§ **What you have to do**:
Output, word for word and without pictures, the lines from the one containing "The median OS" through the final line of the listing below.

§ **Data shown**:
Content starts

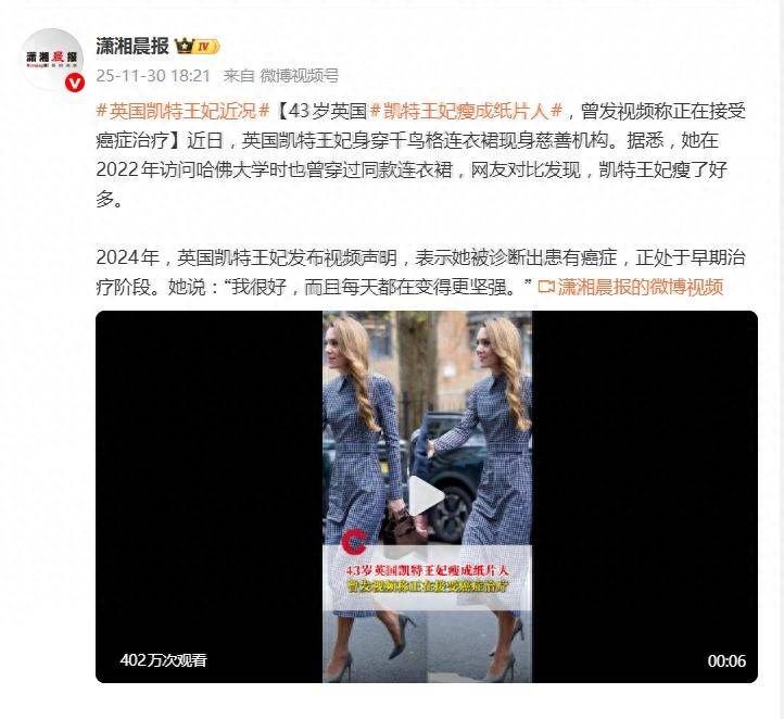 這可不是普通的“身材管理”,單薄如紙的身形背後,是一場與癌症的艱難博弈。身高175cm的凱特,體重已驟降至約45公斤,昔日的神采被病痛和治療刻上了痕跡。
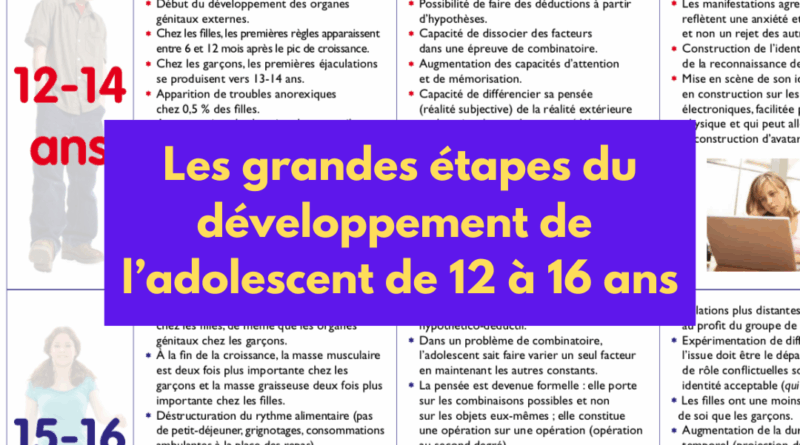 Read MoreLe site jeunesprofs.com propose un interessant tableau sur les grandes étapes du développement de l’adolescent de 12 à 16 ans
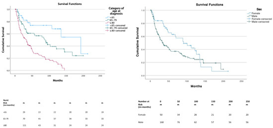 The median OS was 47 months (95% CI, 34.7–59.2) and significantly differed across the three age categories. Patients in the ≥80 years age group had a significantly lower survival compared to other age groups (p < 0.01) with a median OS (mOS) of 32 months (95% CI, 20.6–43.4). Patients in the <65 years age group had a better overall survival compared to ≥80 years (p = 0.000) and 65–79 years (p = 0.041), with a mOS of 193 months (95% CI, 109.1–276.9). Patients in the 65–79 years age group had a mOS of 86 months (95% CI, 51.8–120.2). Survival between sex was significantly (p = 0.038) lower in males (median, 34 months; 95% CI, 21.8–46.1) compared to females (median, 91 months; 95% CI, 48.8–133.2) (Figure 2). Among races, no significative differences were underlined.
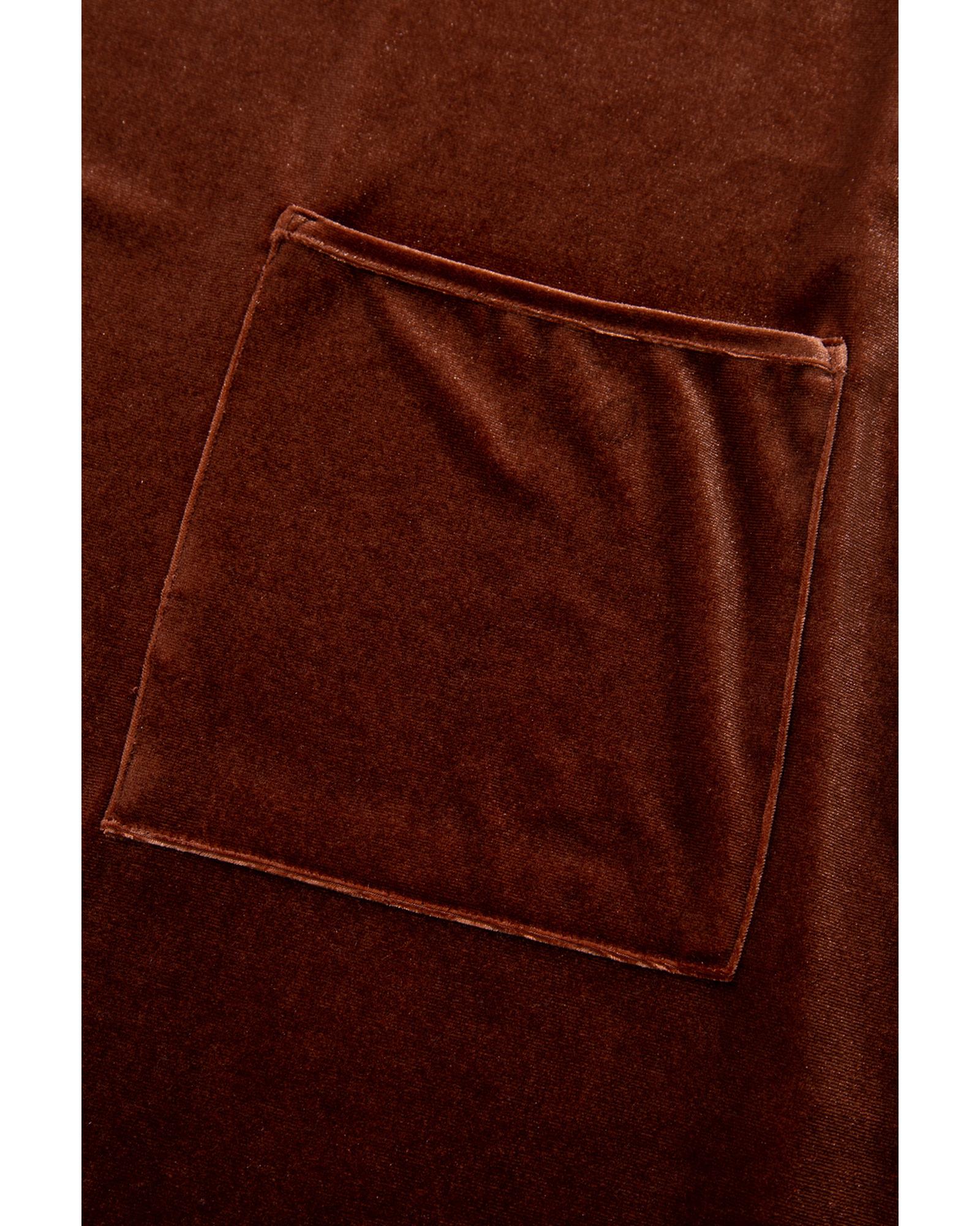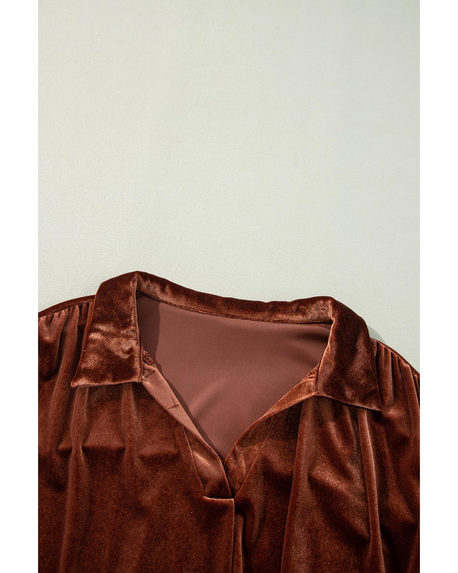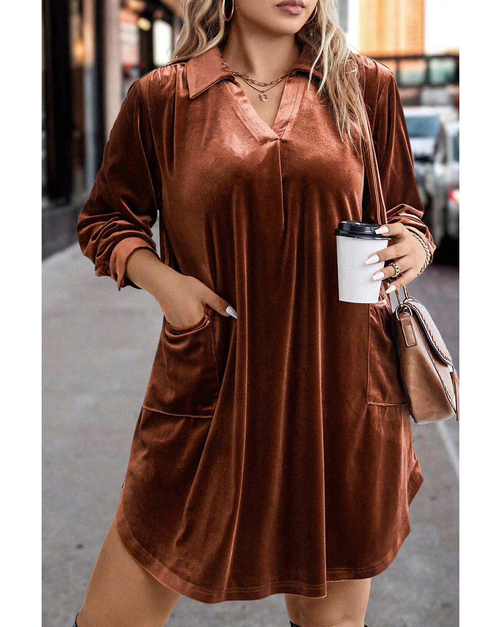 Coffee Plus Size V Neck Collared Pleated Back Rounded Hem Velvet Dress – 4X

Content ends

§ **Written response**:
 The median OS was 47 months (95% CI, 34.7–59.2) and significantly differed across the three age categories. Patients in the ≥80 years age group had a significantly lower survival compared to other age groups (p < 0.01) with a median OS (mOS) of 32 months (95% CI, 20.6–43.4). Patients in the <65 years age group had a better overall survival compared to ≥80 years (p = 0.000) and 65–79 years (p = 0.041), with a mOS of 193 months (95% CI, 109.1–276.9). Patients in the 65–79 years age group had a mOS of 86 months (95% CI, 51.8–120.2). Survival between sex was significantly (p = 0.038) lower in males (median, 34 months; 95% CI, 21.8–46.1) compared to females (median, 91 months; 95% CI, 48.8–133.2) (Figure 2). Among races, no significative differences were underlined.
 Coffee Plus Size V Neck Collared Pleated Back Rounded Hem Velvet Dress – 4X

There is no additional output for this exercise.